The need for impartial feedback

Well, this is supposed to be the blog of a writer.  You wouldn’t think it would you?  But I am honestly doing things behind the scenes; I’m editing my hopefully debut novel Silver and I am entering short story competitions as often as possible.  I just haven’t been able to put anything up here yet but I hope to change that.
In light of this, I would like to write a review of a fairly new writing tool used by mainly readers and new writers; Authonomy.com.  Authonomy is a community website run by HarperCollins where writers can upload a minimum of 10,000 words of their book for the community to read and comment.
Readers can ‘back’ the book, giving the book a higher rating.  The higher the books rating the higher the chances of the book being chosen to go to the editors of HarperCollins for a review and possibly publishing contract.
When I first heard about this I thought it was a wonderful idea.  I had just finished my second draft of Silver and desperately needed some feedback from people who didn’t know me or wanted to spare my feelings.  So I signed up.
Uploading your book is the first challenge.  It took me a long time to upload seven chapters and I soon discovered that weekends are not the best time to try this.  Authonomy.com is obviously a very popular community and HarperCollins should perhaps look into getting more bandwidth.
I waited and waited and waited for the comments to come in.  But that isn’t how Authonomy works.  In order to get feedback on your work, you must give feedback on others.  This is crucial.  It is a tit for tat system.  Some people resort to spamming and my message inbox is full of messages from strangers asking to be my friend, saying they love the blurb of my book (not enough to read it though), oh and by the way, would I take a look at their book?  I’ve also received similar messages asking for ‘chapter swaps’.  This is how Authonomy.com works, which is fine, if you’re at home all day, which I am not.  I tried to swap chapter reads and I tried to find books to comment on but after only a few I began to struggle for time.
I have about 6 comments on Silver in all.  All of them are book swaps.   I read their first chapters so they read mine.  No stranger actually read past the first chapter (what is more depressing is that no close, personal friends have even attempted it.  That led to a long weekend of depression).

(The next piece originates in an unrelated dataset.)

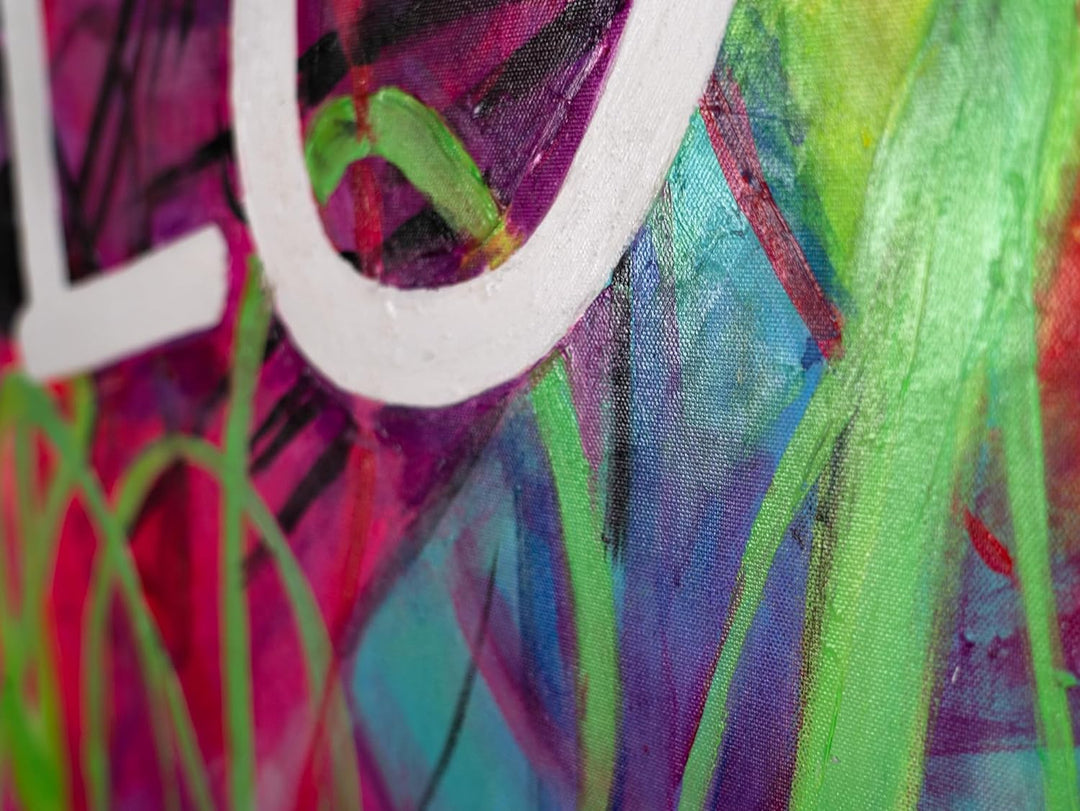 - Gemalt mit Acryl- und Fluoreszierenden Farben, die Umweltfreundlich sind. Wir spannen die Leinwand auf einen Keilrahmen aus Naturholz. Da das Gemälde für viele Jahre erhalten bleiben soll, wir die die Oberfläche mit einem Acryllack auf Wasserbasis,

Getting to the editors desk isn’t quite how it sounds either.  No one to date has actually been picked up by HarperCollins through this website.  While it is very helpful to get a professional review and  this would help with securing an agent, it will not result in a publishing contract.  HarperCollins have also closed submissions for new writers.  Authonomy.com is basically their slush pile and so far no one has been successful.
I find it hard to see the point of pushing my novel when I won’t necessarily get a publishing contract or any sales out of it.  I have some very helpful comments so I decided to stop any pushing and just go with what I had.
I took the comments for my first chapter and I am working through Silver, using these comments to edit and refine every chapter.  I received some good advice, some bad advice and some useless advice.
My personal advice on receiving feedback is to go with your gut.  If you read a comment and you know deep down that they’re right, then make the change.  If you completely disagree with them then keep your writing as it is.   This is your book and you shouldn’t have to change anything that you don’t want to (unless maybe your agent or publisher tell you to, of course!).
Authonomy is a good idea and works for a lot of people.  I’m hoping that it will work for me as I refine my novel before sending it out to agents.  Ultimately, it can be a great community website for those that way inclined and it works excellently as HarperCollins’ slush pile, giving them easy access to writers from all over the world and people reading and rating books so that they don’t have to.
 I’ve learnt a lot through using it but I won’t be using it again.  It’s time consuming and can easily become an addiction.  What with Facebook and a large number of favourite television programmes, films to watch and books to read, I just don’t have the time for another addiction, especially one that will probably not amount to much.
I should also mention that I have tried numerous times now to delete my book from Authonomy but the website always crashes.  I’m not sure whether to be angry about this or to think that fate is trying to tell me to put some effort into getting it noticed instead of giving up.
You don’t have to be a writer to be involved in Authonomy.  If you’re a reader or writer, check it out and see what you think.